WHAT IS BEING ASKED. Filter the data below for the string "Meghalaya" and copy each matching line.

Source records
··········
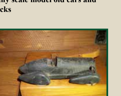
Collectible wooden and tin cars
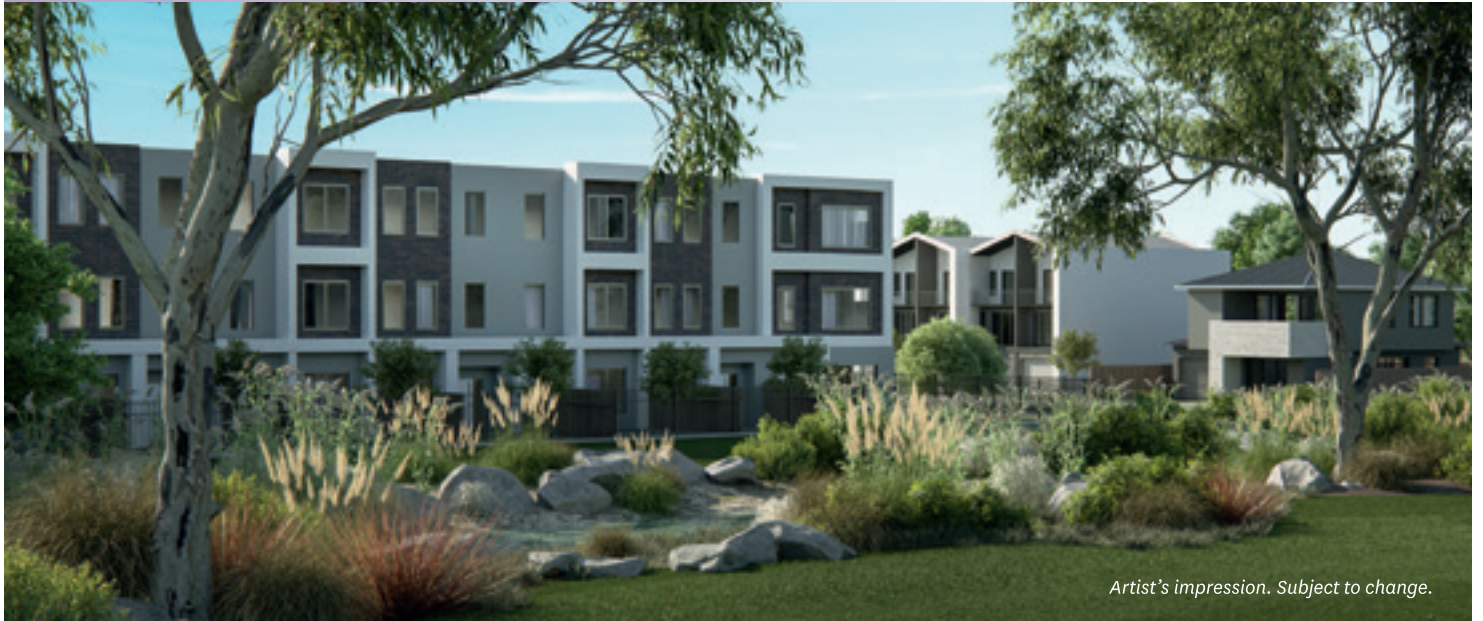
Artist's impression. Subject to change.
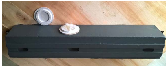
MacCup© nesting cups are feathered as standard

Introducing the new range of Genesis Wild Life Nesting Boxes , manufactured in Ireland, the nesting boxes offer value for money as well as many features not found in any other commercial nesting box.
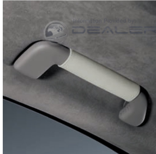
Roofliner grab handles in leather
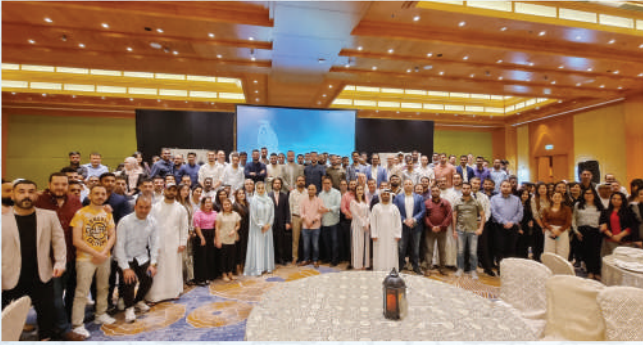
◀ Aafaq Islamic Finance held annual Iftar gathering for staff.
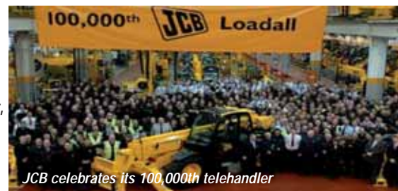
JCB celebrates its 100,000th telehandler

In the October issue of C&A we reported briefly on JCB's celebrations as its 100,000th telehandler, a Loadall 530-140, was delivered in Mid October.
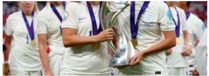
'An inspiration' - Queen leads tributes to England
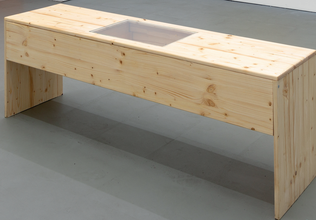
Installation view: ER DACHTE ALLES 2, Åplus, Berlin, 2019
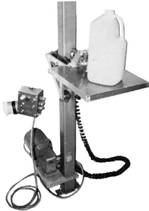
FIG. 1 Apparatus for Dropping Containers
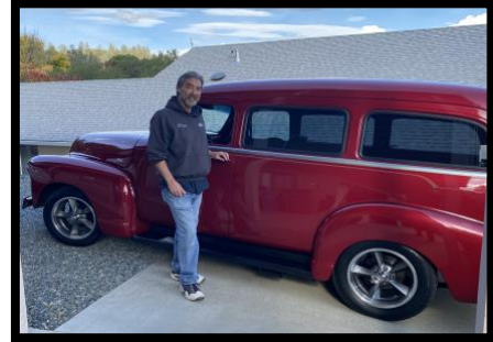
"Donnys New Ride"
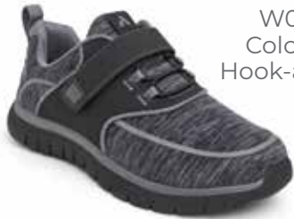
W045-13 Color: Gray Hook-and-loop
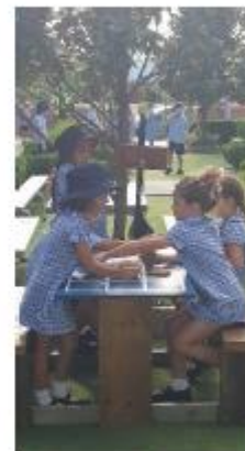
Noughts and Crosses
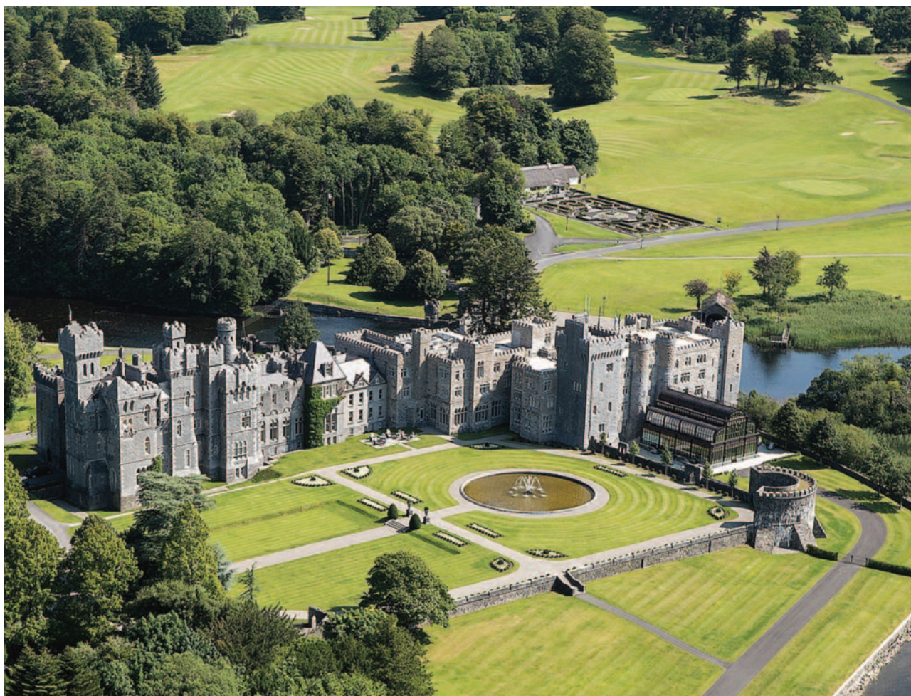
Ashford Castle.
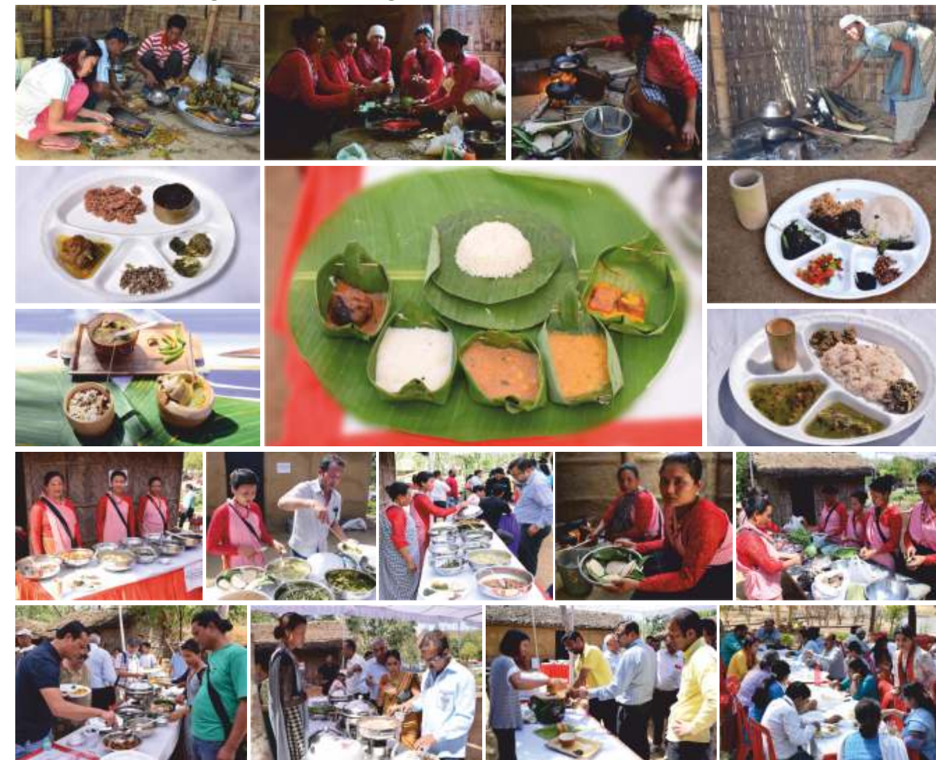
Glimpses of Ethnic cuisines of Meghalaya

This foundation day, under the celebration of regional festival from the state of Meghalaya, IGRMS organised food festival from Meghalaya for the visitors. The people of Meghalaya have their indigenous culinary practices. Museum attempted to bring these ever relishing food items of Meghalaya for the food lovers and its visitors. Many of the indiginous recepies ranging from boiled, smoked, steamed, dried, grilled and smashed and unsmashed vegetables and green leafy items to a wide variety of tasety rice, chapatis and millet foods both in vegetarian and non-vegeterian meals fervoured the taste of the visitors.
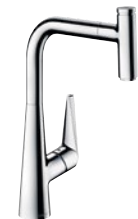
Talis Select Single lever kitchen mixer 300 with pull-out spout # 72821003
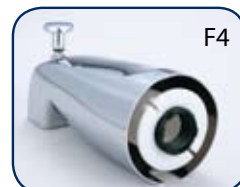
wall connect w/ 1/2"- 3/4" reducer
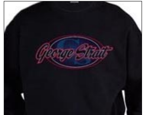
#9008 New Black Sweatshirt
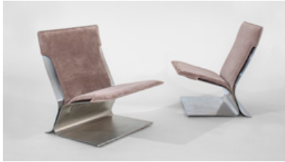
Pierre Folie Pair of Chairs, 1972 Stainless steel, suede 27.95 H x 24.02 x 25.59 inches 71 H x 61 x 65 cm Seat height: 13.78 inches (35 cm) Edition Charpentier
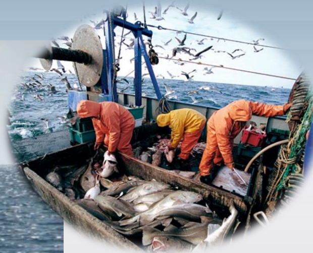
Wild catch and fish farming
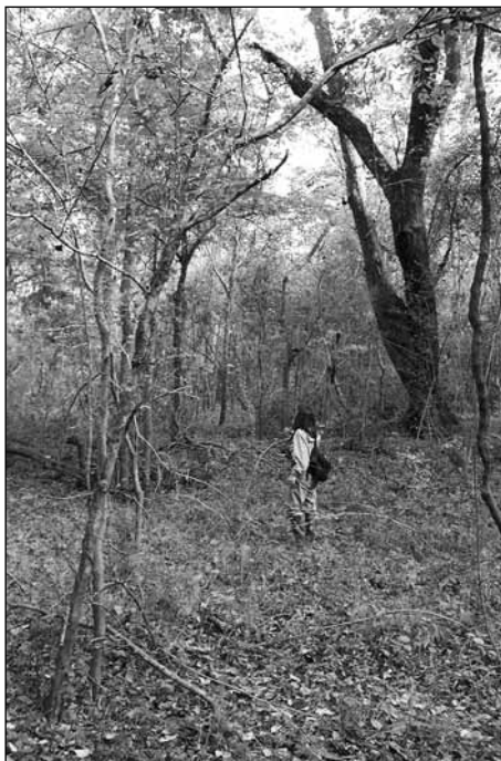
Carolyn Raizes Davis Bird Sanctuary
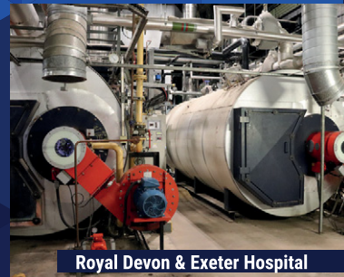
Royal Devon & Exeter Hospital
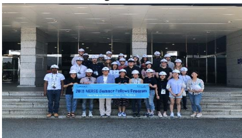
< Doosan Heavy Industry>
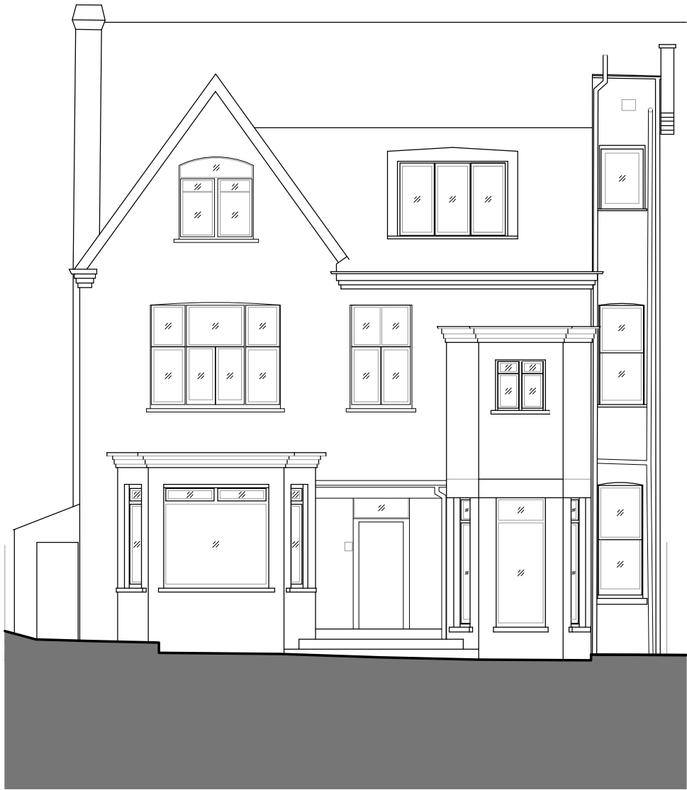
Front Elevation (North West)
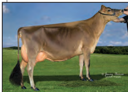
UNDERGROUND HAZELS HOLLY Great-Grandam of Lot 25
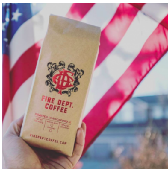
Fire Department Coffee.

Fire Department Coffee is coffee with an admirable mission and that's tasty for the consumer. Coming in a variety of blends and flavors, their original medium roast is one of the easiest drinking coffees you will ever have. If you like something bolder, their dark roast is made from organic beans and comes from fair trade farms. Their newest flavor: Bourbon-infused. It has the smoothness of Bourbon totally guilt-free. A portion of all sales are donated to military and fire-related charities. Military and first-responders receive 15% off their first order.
··········
ANSWER TO THE PROBLEM.
Glimpses of Ethnic cuisines of Meghalaya
This foundation day, under the celebration of regional festival from the state of Meghalaya, IGRMS organised food festival from Meghalaya for the visitors. The people of Meghalaya have their indigenous culinary practices. Museum attempted to bring these ever relishing food items of Meghalaya for the food lovers and its visitors. Many of the indiginous recepies ranging from boiled, smoked, steamed, dried, grilled and smashed and unsmashed vegetables and green leafy items to a wide variety of tasety rice, chapatis and millet foods both in vegetarian and non-vegeterian meals fervoured the taste of the visitors.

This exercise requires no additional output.